Cop: Know how fast you were going?
Me: obviously, I have a speedometer
Cop: I know that
Me: then why did you ask?
Cop: [looking down moving toe around in the dirt] I just wanted to talk
Friend: Well, the more you know-
Me: The sadder you’ll feel
Friend:
Me: Is that not the phrase?
Friend: It’s annoying that you keep getting it wrong
Me: *crying* Well the more you know
me: could you fill out an employee satisfaction survey about how well I performed today?
woman holding urn full of ashes:
Do you ever get shampoo in your eyes and wonder what the name of your guide dog will be?
Seriously guys, you have no idea how much nothing I can accomplish when I’m on Twitter.
Unavoidable loud things that personally attack me, unprovoked:
-Yelling
-Bird carrying fries once mine
-The sun
-Wind (in a good way?)
-Wind (in a bad way)
-Ghosts?
-Feelings of uncertainness
-That time I woke up in a dumpster and forgot where I was until a raccoon bit me
-Ghosts
“You kids and your smartphones, when we were your age we just dealt with having nothing to do with our hands.”
*Lights another cigarette*
Who called it a period tracker and not a flow chart?
*storms onto stage*
WHERE IS IT
*crowd gasps*
WHERE IS THE OXYGEN
*crowd continues gasping*
*waits several days to eat leftovers*
Wife: I was just going to eat that!
*waits a week to eat leftovers*
Wife: I was just going to eat that
*waits a month to eat leftovers*
Wife: I was just going to eat that!
the wok is the most versatile of all the kitchen tools. i make everything in there. everything. plz test me. spaghetti? that’s waghetti now. tacos? u mean wok-o’s baby. u want some muffins, dude? flip that “m” upside-down my guy cuz we eat wuffins in this house
Women out here dating guys with three felonies
but being a sagittarius is too much of a red flag.
If Kraft singles are so good then why are they still single?
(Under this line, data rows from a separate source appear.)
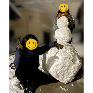 子どもたちは大はしゃぎで雪だるまをつくりました(*´з`)サムクナイノカナ
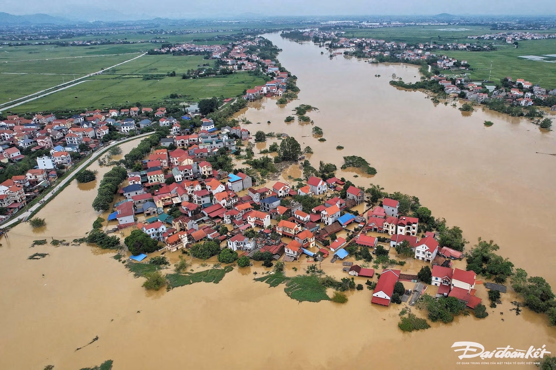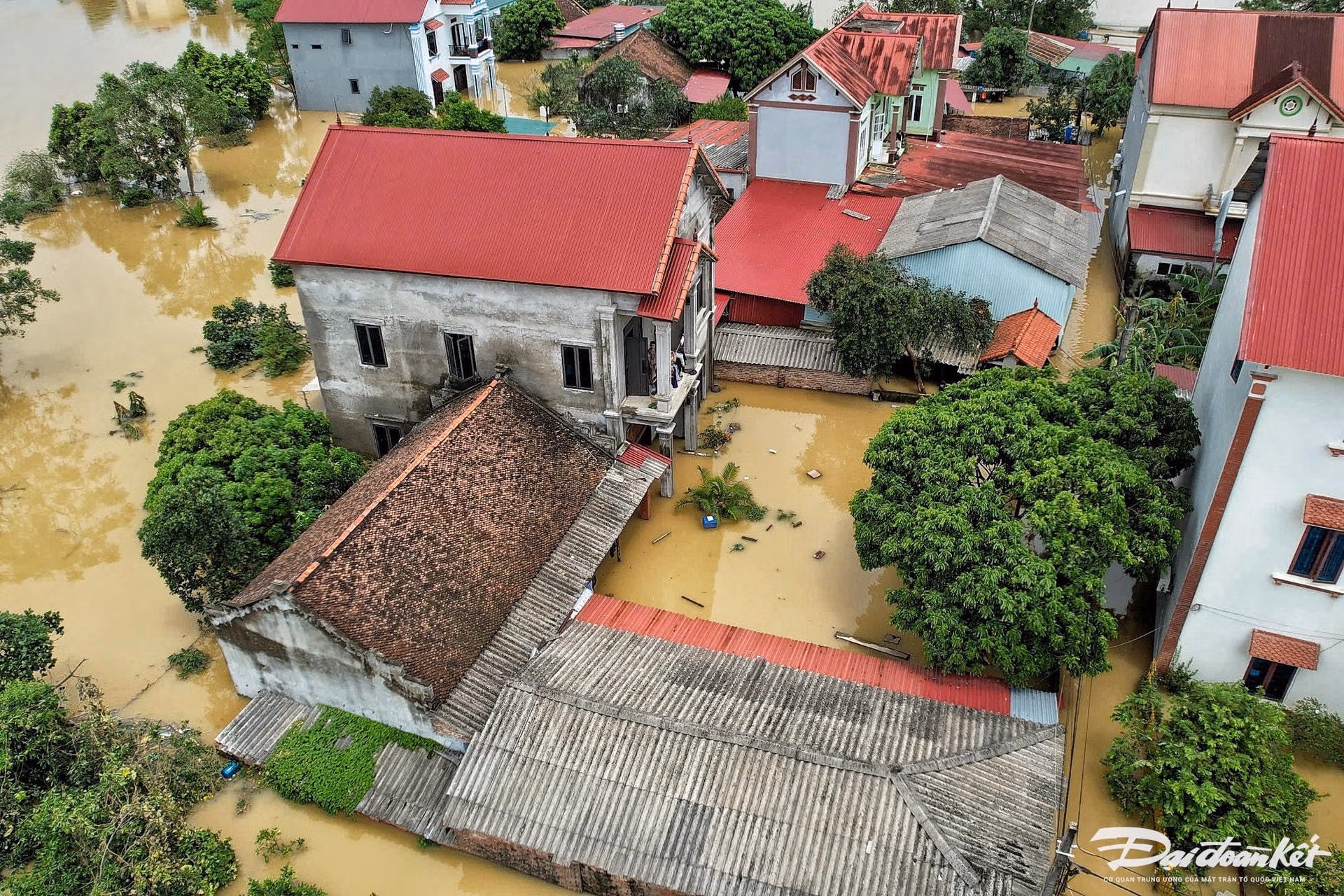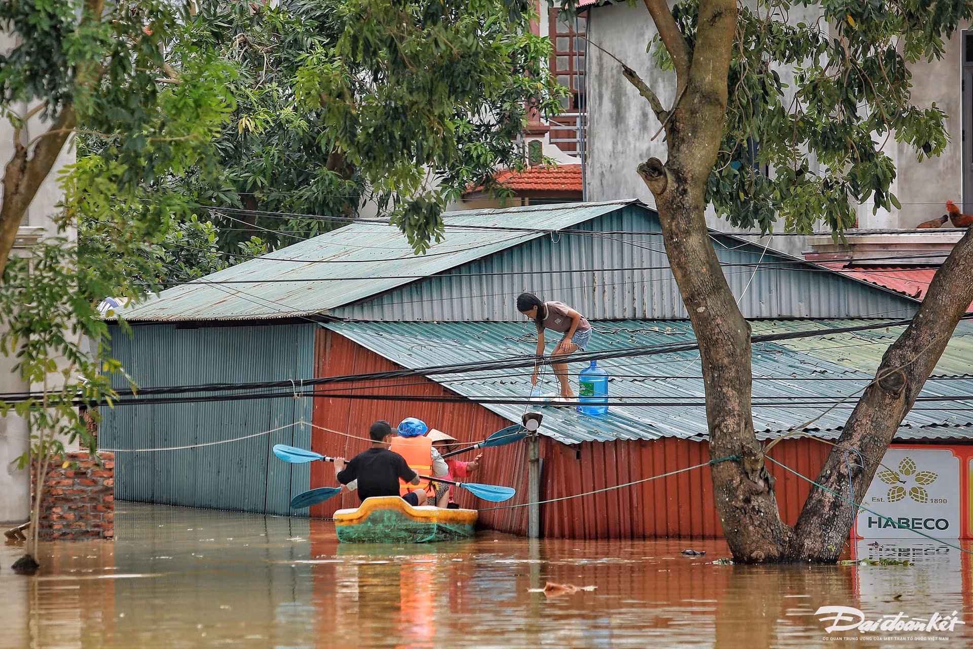 Nước ngập sâu gần 2 m, khiến 100 hộ dân gồm 300 người ở xóm Mom (xã Việt Long, huyện Sóc Sơn, Hà Nội) bị cô lập. Để vớt vát, người dân phải đưa gia cầm, gia súc lên trên tầng ở tạm chờ nước xuống.
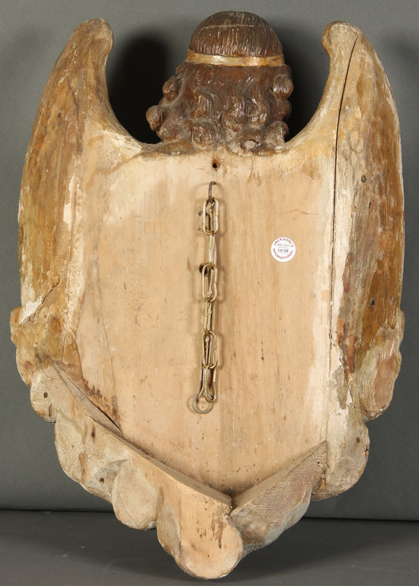 A CARVED WOOD ANGEL, GERMAN, 19TH CENTURY. A large and impressive carved, polychrome and gilt wood angel holding a chalice atop a cluster of clouds, carved in three-quarter round with good proportions, deep folds, cascading hair and feathering. Verso with suspension loop. Height 23.5 inches (59.6 cm), width 16.75 inches (42.5 cm).
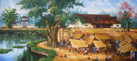 Phiên chợ quê - Sơn dầu của LÊ VĂN MINH.
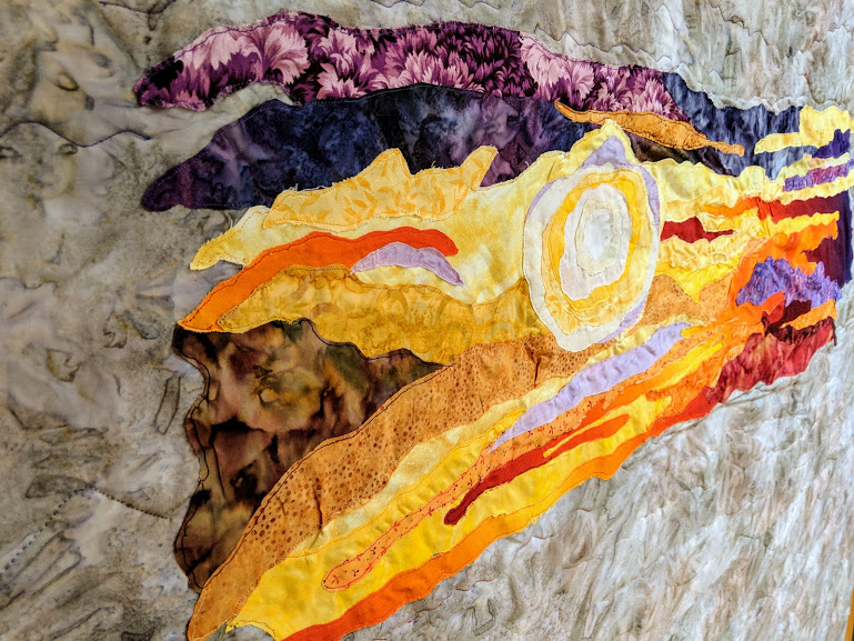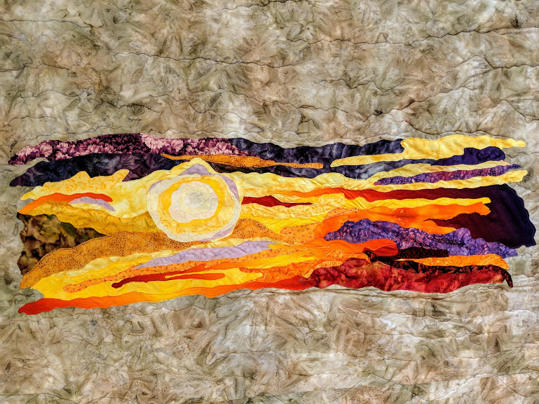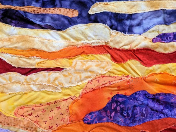 Since this quilt would be blocking our view of the sunset over the water (which, admittedly, we only see between late April and September, before the sun moves south)  I adapted one of Grace’s sunset patterns to place just where the sun would be. I chose my fabrics, cut out every tiny, curvy piece, applied the adhesive on the back, ironed the whole thing, and…

My husband noticed my wedding rings on the dresser and was upset about me not having a visible sign of our covenant to each other
I told him the bags under my eyes said taken loud and clear
[getting ready for plans I shouldn’t have made]
ME: *standing in shower opening and closing shower curtain* here, killer killer killer
I still have a Rolodex on my desk but it’s all salami
“Get better” is a nice thing to write on a card. “Get better soon” feels a little threatening though. What’s the rush
Him: Congrats on the new baby. Boy or girl?
Me: Girl.
H: And what did you name her?
M: Well we were both huge fans of Elvis Costello so we named her after his best-known song.
H: Oh! Alison? Or Veronica?
M: What? No. Her name is “Watching the Detectives.”
“Thanks for the homemade wine. If going blind had a flavour, this would be it.”
* why I’m not allowed to write thank you cards anymore.
I’ve heard parents say they don’t enjoy playing with their kids but I play all kinds of fun games with mine like..
-who gets to microwave mommy’s coffee?
-whoever finds the remote first can watch a show after I do
-whoever fills mommy’s water gets to be my favorite for the day
Interviewer: What skills do you have?
Me: Mind control
Interviewer: EXCELLENT YOUVE GOT THE JOB
One way to find out if you’re old is to fall down in front of a group of people. If they laugh, you’re young, if they panic, you’re old.
My three favorite things are eating my wife and not using punctuation
me: It’s raining so we have to run to the car, ok?
toddler: Ok
me:
toddler:
me: You gotta let me open the door before you start running
toddler *rubbing his head* Ok
Anyone who thinks sorry is the hardest word to say has clearly never tried speaking Welsh.
I’m accused of being a plagiarist. Their words, not mine.